▶ [Your assignment]
Pictures stay out of the copy. Retype exactly the lines below from the one with "저희는 가장 위에 있는" through the one with "Omoda E5 wykorzystuje".

▶ [Exercise data]
▼
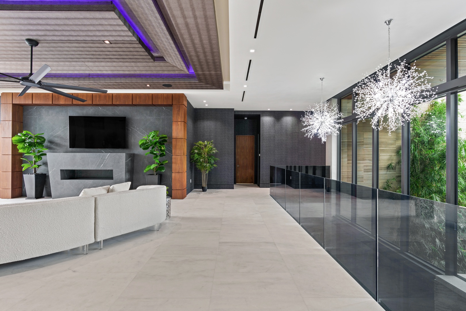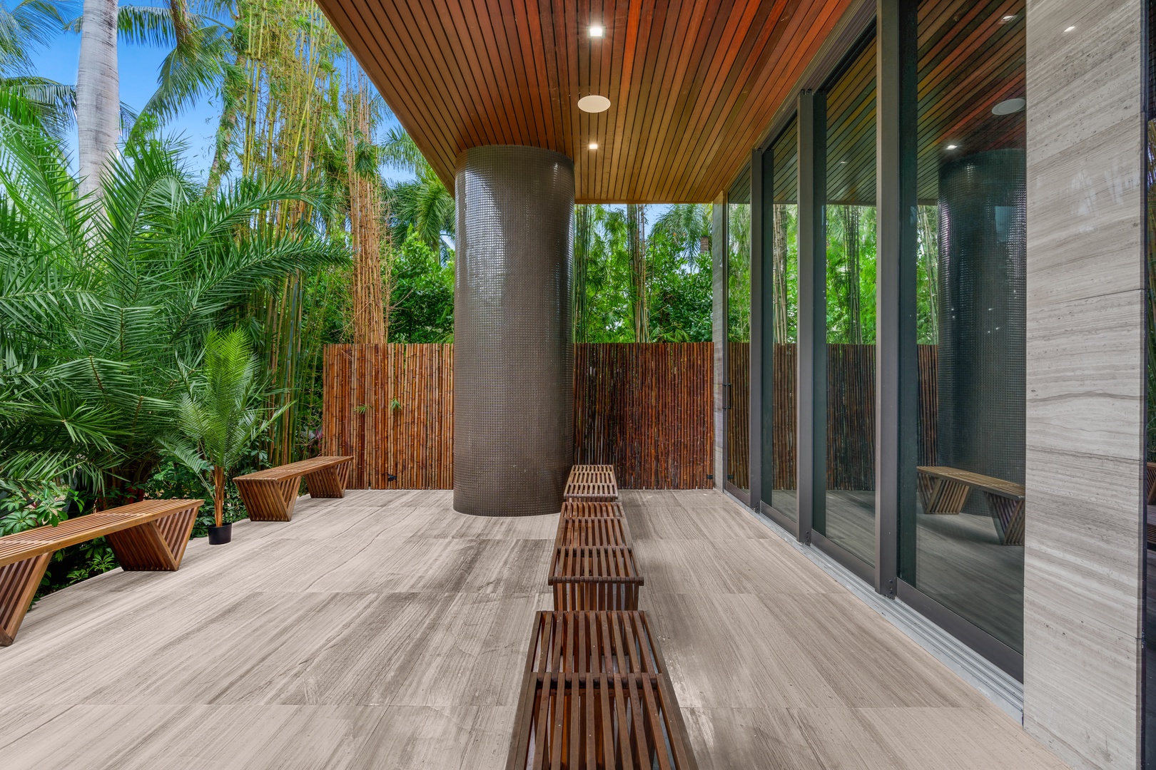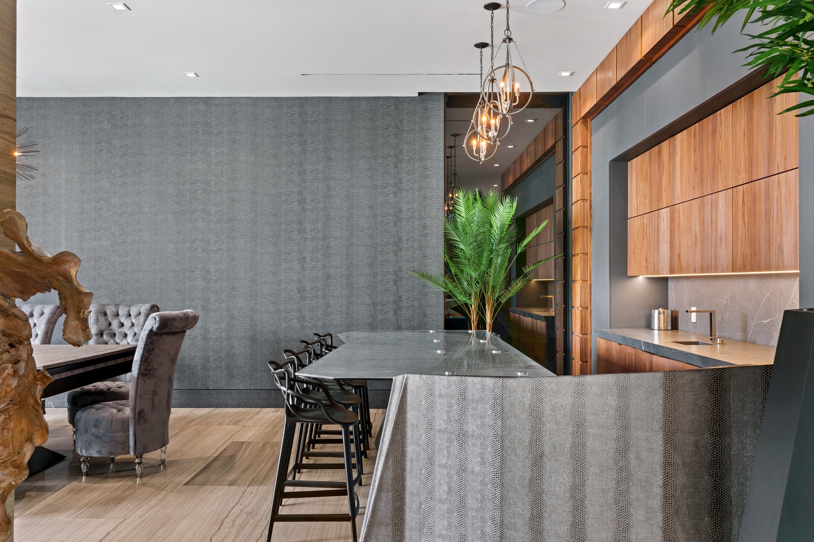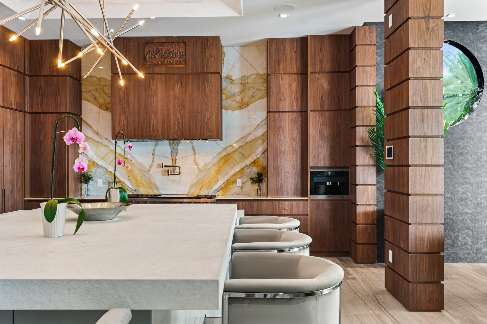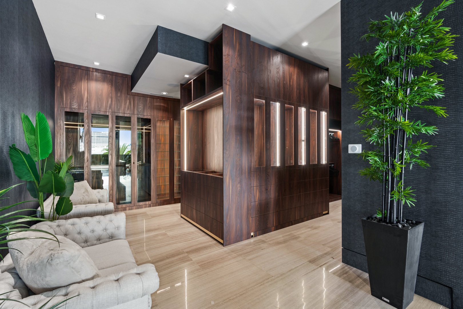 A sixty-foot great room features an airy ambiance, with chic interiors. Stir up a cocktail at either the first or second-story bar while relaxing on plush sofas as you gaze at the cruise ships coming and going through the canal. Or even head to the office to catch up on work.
▲
▼
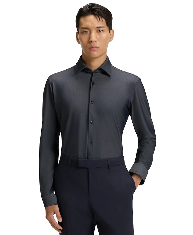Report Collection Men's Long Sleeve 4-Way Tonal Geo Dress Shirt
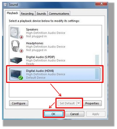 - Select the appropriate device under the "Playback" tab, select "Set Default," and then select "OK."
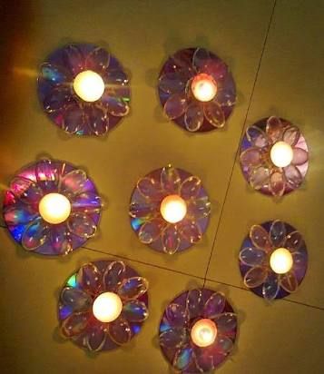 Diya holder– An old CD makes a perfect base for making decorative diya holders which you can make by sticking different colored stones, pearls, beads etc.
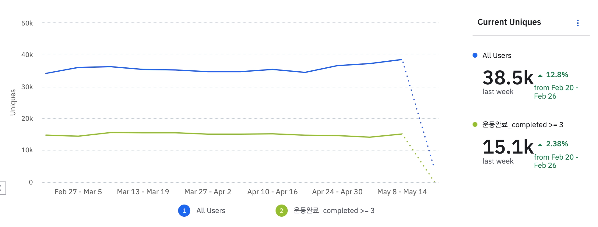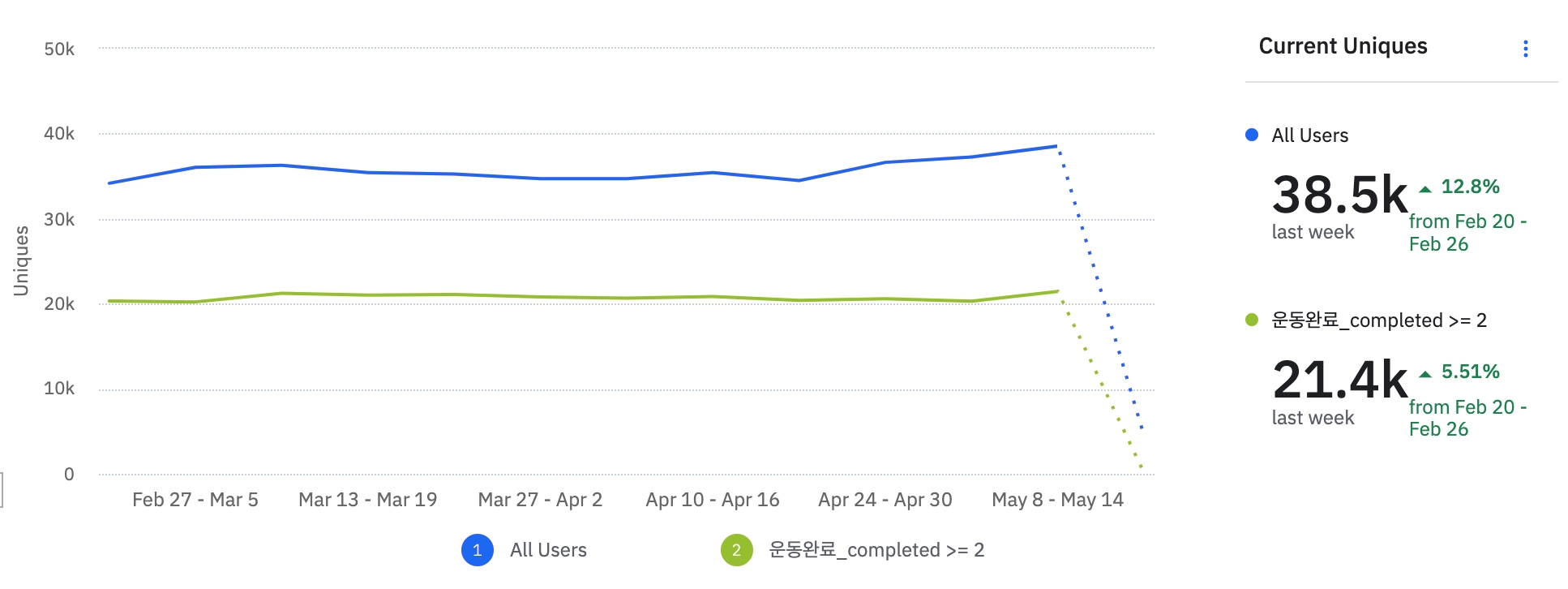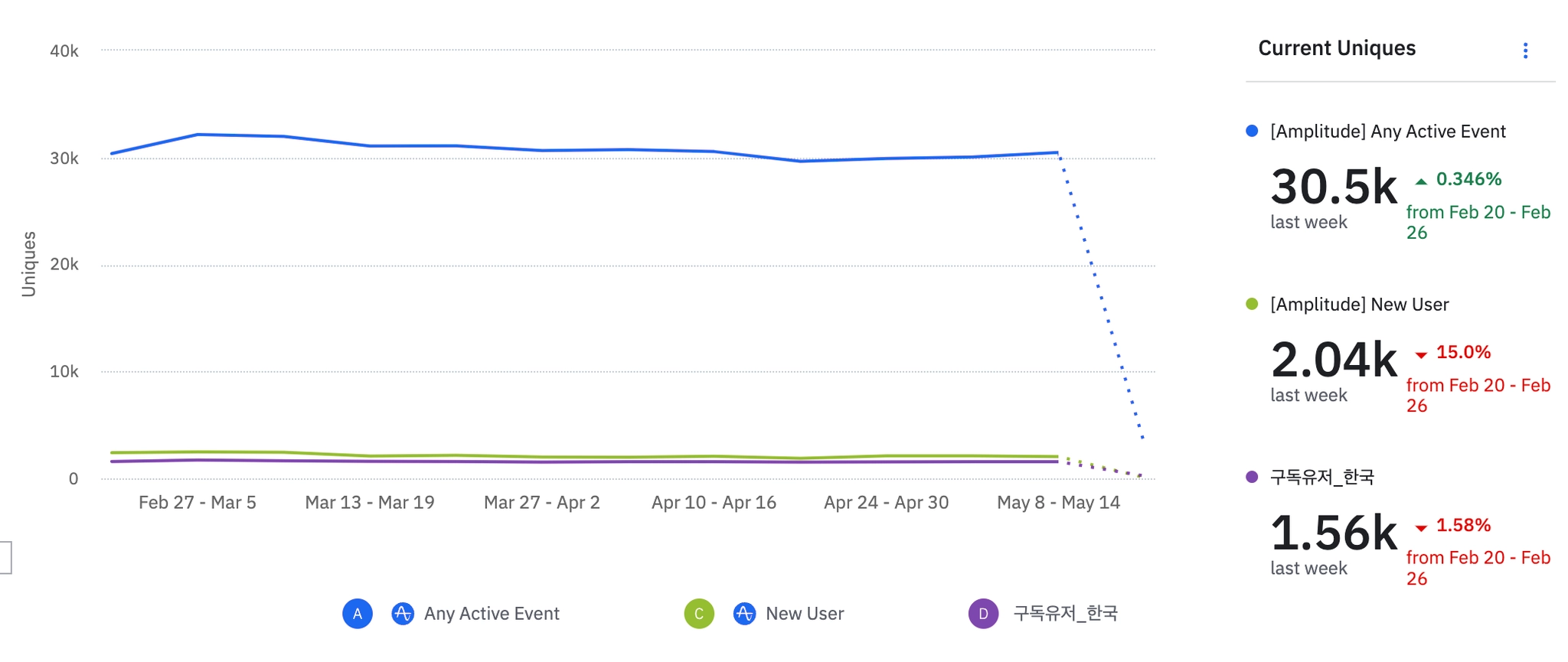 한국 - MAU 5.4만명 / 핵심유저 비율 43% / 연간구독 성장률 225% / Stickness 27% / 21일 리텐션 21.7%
▲
▼
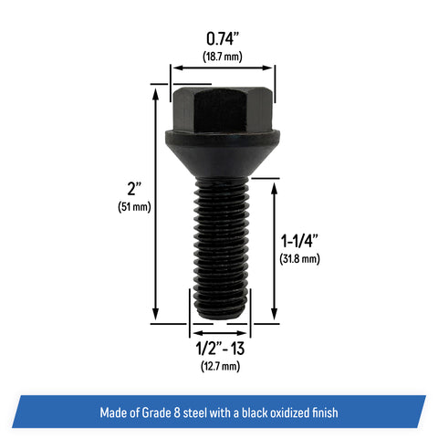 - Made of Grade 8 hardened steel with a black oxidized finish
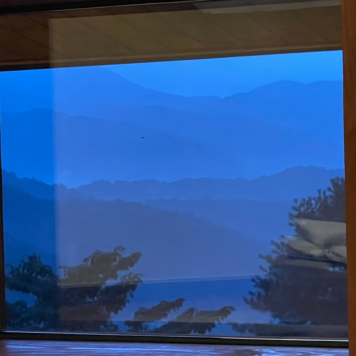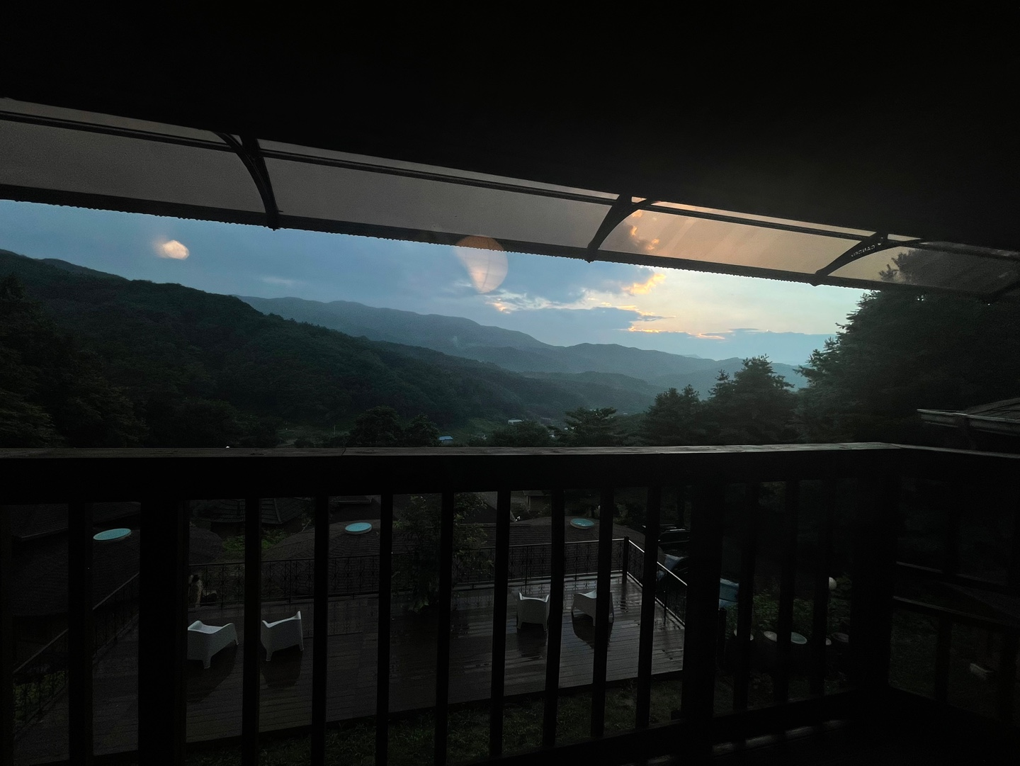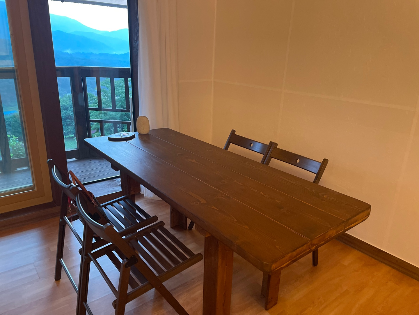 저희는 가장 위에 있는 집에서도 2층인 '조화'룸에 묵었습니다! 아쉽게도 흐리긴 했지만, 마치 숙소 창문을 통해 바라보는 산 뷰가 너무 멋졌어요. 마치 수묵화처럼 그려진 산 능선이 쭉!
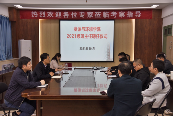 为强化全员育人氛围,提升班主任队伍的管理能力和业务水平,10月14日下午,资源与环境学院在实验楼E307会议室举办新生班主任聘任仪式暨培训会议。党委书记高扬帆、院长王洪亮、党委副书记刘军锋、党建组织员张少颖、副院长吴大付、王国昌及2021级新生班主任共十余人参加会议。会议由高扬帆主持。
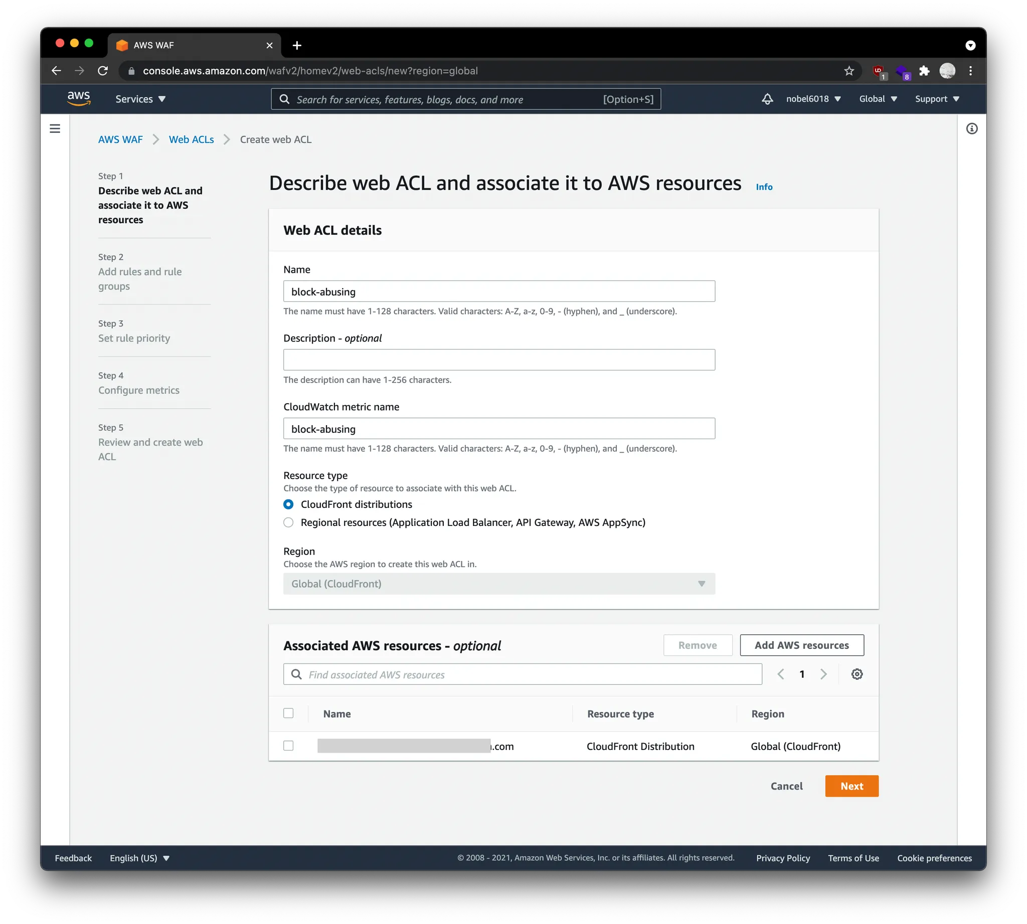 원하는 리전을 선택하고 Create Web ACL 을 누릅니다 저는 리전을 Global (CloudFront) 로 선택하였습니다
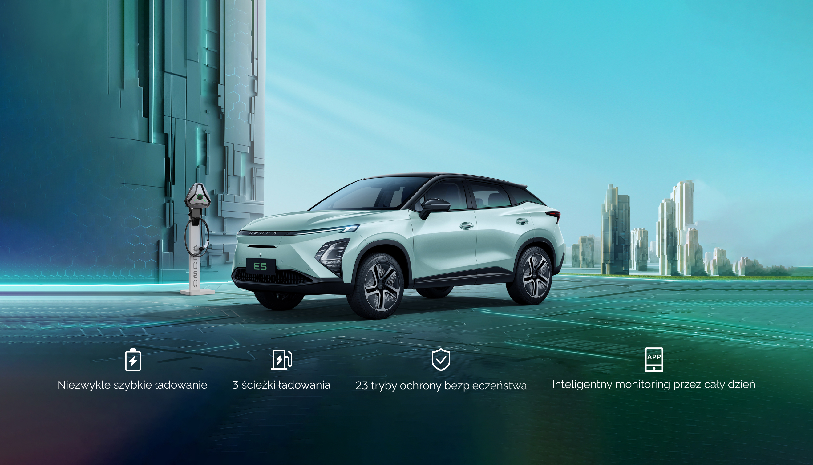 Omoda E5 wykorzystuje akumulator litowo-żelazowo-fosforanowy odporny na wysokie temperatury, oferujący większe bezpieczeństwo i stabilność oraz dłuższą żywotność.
▲
▶ [Completed task]
 저희는 가장 위에 있는 집에서도 2층인 '조화'룸에 묵었습니다! 아쉽게도 흐리긴 했지만, 마치 숙소 창문을 통해 바라보는 산 뷰가 너무 멋졌어요. 마치 수묵화처럼 그려진 산 능선이 쭉!
 为强化全员育人氛围,提升班主任队伍的管理能力和业务水平,10月14日下午,资源与环境学院在实验楼E307会议室举办新生班主任聘任仪式暨培训会议。党委书记高扬帆、院长王洪亮、党委副书记刘军锋、党建组织员张少颖、副院长吴大付、王国昌及2021级新生班主任共十余人参加会议。会议由高扬帆主持。
 원하는 리전을 선택하고 Create Web ACL 을 누릅니다 저는 리전을 Global (CloudFront) 로 선택하였습니다
 Omoda E5 wykorzystuje akumulator litowo-żelazowo-fosforanowy odporny na wysokie temperatury, oferujący większe bezpieczeństwo i stabilność oraz dłuższą żywotność.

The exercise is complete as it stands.